73. GRANDES Y PEQUEÑAS PALABRAS

Comentando Agustín Squella el libro de Lucía Santa Cruz «Conversaciones con la libertad», señala con mucha propiedad que «la filosofía general puede ser practicada como un intento de aclaración de algunas grandes palabras como «ser», «tiempo», «sujeto», «verdad» y otras de ese tipo», y, agrega, citando a Isaiah Berlin, que cuando la filosofía aclara el sentido de las palabras importantes equivale a hacer claridad sobre el propio pensamiento.

Cobra de este modo importancia la palabra como vehículo del pensamiento y portadora de mensajes, tanto en el mundo intelectual como en el muchísimo más vasto del chileno medio que se sirve de apenas unos cientos de términos para expresar lo cotidiano.
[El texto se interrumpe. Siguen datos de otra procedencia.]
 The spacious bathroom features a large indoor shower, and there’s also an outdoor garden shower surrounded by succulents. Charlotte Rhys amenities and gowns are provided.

Reflexionando de esta forma sobre el lenguaje recordé una pequeña palabra que se usaba a menudo en el discurso coloquial y cuyo contenido impregnaba la educación de niños y adolescentes hasta hace unas décadas y no es otra que «respeto». El mismo término que el diccionario define como «miramiento, acatamiento, veneración, reverenda» y que incorpora la tolerancia, que es a su vez «respeto y consideración hacía las opiniones y prácticas ajenas».
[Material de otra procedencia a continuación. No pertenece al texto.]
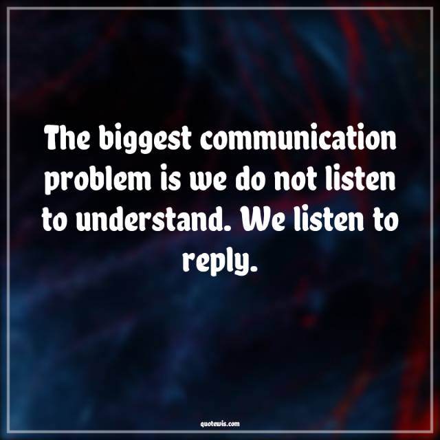 The biggest communication problem is we do not listen to understand. We listen to reply.

En estos días se discute la forma de poner término a la discriminación que en nuestra sociedad afecta a los homosexuales, los discapacitados, los deformes, los indígenas y a otros seres a quienes convierte en marginales. Se invoca como remedio la tolerancia, valor esencial para la convivencia, vale decir la aceptación de la diversidad como propia de la naturaleza humana y la libertad de opciones en la vida sexual.
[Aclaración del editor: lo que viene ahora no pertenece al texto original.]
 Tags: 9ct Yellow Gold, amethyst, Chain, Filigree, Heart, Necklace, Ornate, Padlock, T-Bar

Me parece pobre esta campaña así planteada, no por el beneficio próximo que pueda traer a quienes hoy sufren discriminación sino porque demuestra que los padres, los maestros y el Estado abandonan el imperativo de hacer valer el respeto como valor superior en las relaciones humanas porque sienten fallidos sus esfuerzos o porque lo desecharon al asimilar, equivocadamente, este término a conductas impuestas por regímenes autoritarios.

En uno u otro caso se habría perdido la oportunidad de ensayar, como se hizo con las generaciones pasadas, confieso que no siempre con suficiente resultado, que respetáramos al otro aunque pareciera, sintiera y pensara distinto a nosotros, porque al hacerlo reconocíamos su dignidad de ser humano y preservábamos la propia.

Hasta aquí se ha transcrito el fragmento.